As for the variance, using the same \(\lambda\) would result in \(\lambda^2\) of volume captured by the neighborhood, resulting in a slower rate of variance due to smaller sample size for averaging. In general, for \(p\) variables, we have the following results:

Suppose \(x_1,\ldots,x_n\in\mathbb{R}^p\) are i.i.d. data with density \(f(x)\). Denote \(f_x(x^*)=\lambda^{-p}K(\frac{x^*-x}{\lambda})\) and the kernel method uses \(\hat f(x^*)=\frac{1}{n}\lambda^{-p}\sum_{i=1}^nK(\frac{x^*-x_i}{\lambda})=\frac{1}{n}\sum_{i=1}^nf_{x_i}(x^*)\) to estimate \(f(x^*)\).
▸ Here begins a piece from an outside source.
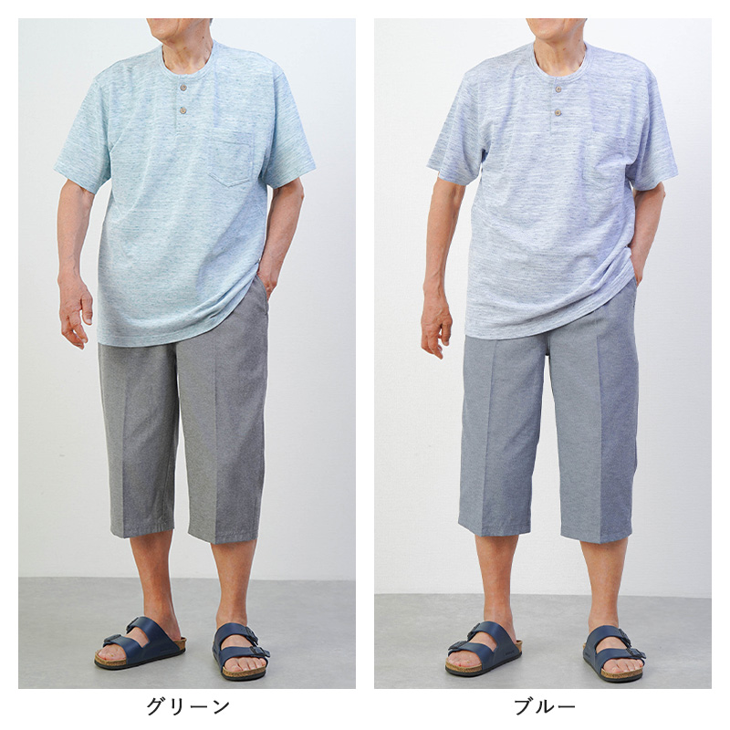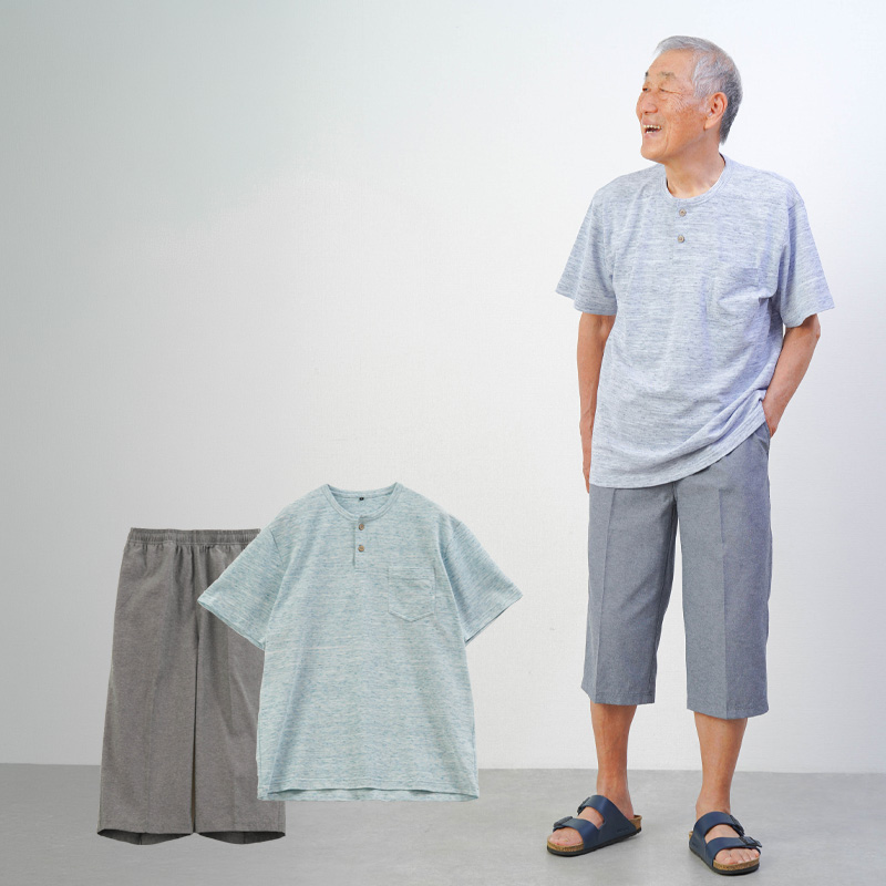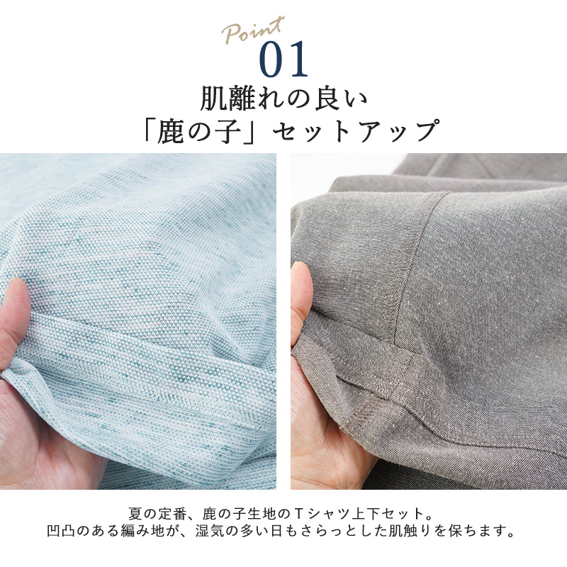 メランジ鹿の子 半袖Tシャツと七分丈ズボンの上下セット ルームウェア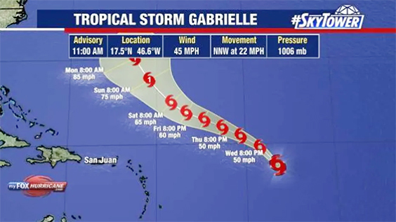 While tropical systems often spark concerns for residents along the Atlantic coast, meteorologists stress that Gabrielle is not expected to pose a threat to the United States. Instead, the storm will likely track northward into open waters, with only Bermuda having a slight chance of seeing impacts. Still, as with all tropical systems, forecasters remain cautious and continue to monitor its progress closely.Current position and storm detailsAs of 11 a.m. on Wednesday, Tropical Storm Gabrielle was located near latitude 17.5°N and longitude 46.6°W. That position places the system more than 1,000 miles east of the Northern Leeward Islands in the central Atlantic. At the time of the update, the storm carried maximum sustained winds of 45 miles per hour, with higher gusts possible.Gabrielle was moving north-northwest at 22 miles per hour, a fairly quick pace compared to other developing systems. Meteorologists note that the forward speed combined with favorable atmospheric conditions could contribute to steady strengthening over the next several days.Forecast path and intensity outlookMeteorologists expect Gabrielle to continue on its northward track, gradually intensifying as it moves across the Atlantic. Forecast models largely agree that the system will become a hurricane by the weekend. If this projection holds, Gabrielle will join the list of hurricanes that formed far from land and remained primarily a concern for shipping lanes and ocean activity.By early Monday morning, current models show Gabrielle well east of the United States coastline, curving northward into the open Atlantic. The storm is not expected to approach Florida or the southeastern U.S., which often see closer tropical threats during hurricane season.Possible impacts for BermudaWhile the majority of forecast models keep Gabrielle away from major landmasses, meteorologists say Bermuda could see some indirect effects depending on the exact track. FOX 13 Meteorologist Dave Osterberg explained that the island is the only location with even a slight chance of experiencing impacts from Gabrielle.

For the Bias term, if we redo the Taylor expansion for \(p\)-dimensional function. We have \[ E_{x\sim f(x)}[ f_x(x^*)]=f(x^*)+\frac{\lambda^2}{2}\int_{\mathbb{R}^p}K(y)y^T\nabla^2f(x^*)ydy+o(\lambda^2). \] For variance, we have \[ \text{Var}(f_x(x^*))=E[f_x(x^*)^2]-E^2[f_x(x^*)]=E[f_x(x^*)^2]+O(1). \] And note that \[ \begin{aligned} E[f^2_x(x^*)]=&\lambda^{-2p}\int_{\mathbb{R}^p}K^2(\frac{x^*-x}{\lambda})f(x)dx\\ =&\lambda^{-p}\int_{\mathbb{R}^p}K^2(y)f(x^*-\lambda y)dy\\ =&\lambda^{-p}\Big[f(x^*)\int_{\mathbb{R}^p}K^2(y)dy+O(\lambda)\Big]. \end{aligned} \] Since \(\lambda\rightarrow 0\), we have \(var( f_x(x^*))=\lambda^{-p}f(x^*)\int_{\mathbb{R}^p}K^2(y)dy+O(\lambda^{1-p})\).
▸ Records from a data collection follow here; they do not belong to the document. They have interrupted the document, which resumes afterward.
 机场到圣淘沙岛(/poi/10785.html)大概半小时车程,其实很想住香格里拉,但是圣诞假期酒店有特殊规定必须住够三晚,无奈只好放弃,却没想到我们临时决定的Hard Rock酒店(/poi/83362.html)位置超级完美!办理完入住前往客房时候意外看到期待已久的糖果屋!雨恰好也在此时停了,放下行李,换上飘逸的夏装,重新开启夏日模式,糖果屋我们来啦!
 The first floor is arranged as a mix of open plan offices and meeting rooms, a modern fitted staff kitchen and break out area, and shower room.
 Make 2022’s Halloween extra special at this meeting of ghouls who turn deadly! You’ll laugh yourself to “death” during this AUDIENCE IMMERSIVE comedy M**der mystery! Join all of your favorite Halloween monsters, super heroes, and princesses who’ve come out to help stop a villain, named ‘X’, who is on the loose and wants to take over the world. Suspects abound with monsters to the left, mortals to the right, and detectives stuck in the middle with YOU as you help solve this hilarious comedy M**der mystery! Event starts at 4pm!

Since \(x_i\) are i.i.d., We have \[ \begin{aligned} E[\hat f(x^*)]=&E[f_x(x^*)]=f(x^*)+\frac{\lambda^2}{2}\int_{\mathbb{R}^p}K(y)y^T\nabla^2f(x^*)ydy+o(\lambda^2),\\ \text{Var}(\hat f(x^*))=&\frac{1}{n} \text{Var} (f_x(x^*))=n^{-1}\lambda^{-p}\Big[f(x^*)\int_{\mathbb{R}^p}K^2(y)dy+O(\lambda)\Big]. \end{aligned} \] By matching Bias\(^2\) with variance, we have \(\lambda=Cn^{-1/(p+4)}\).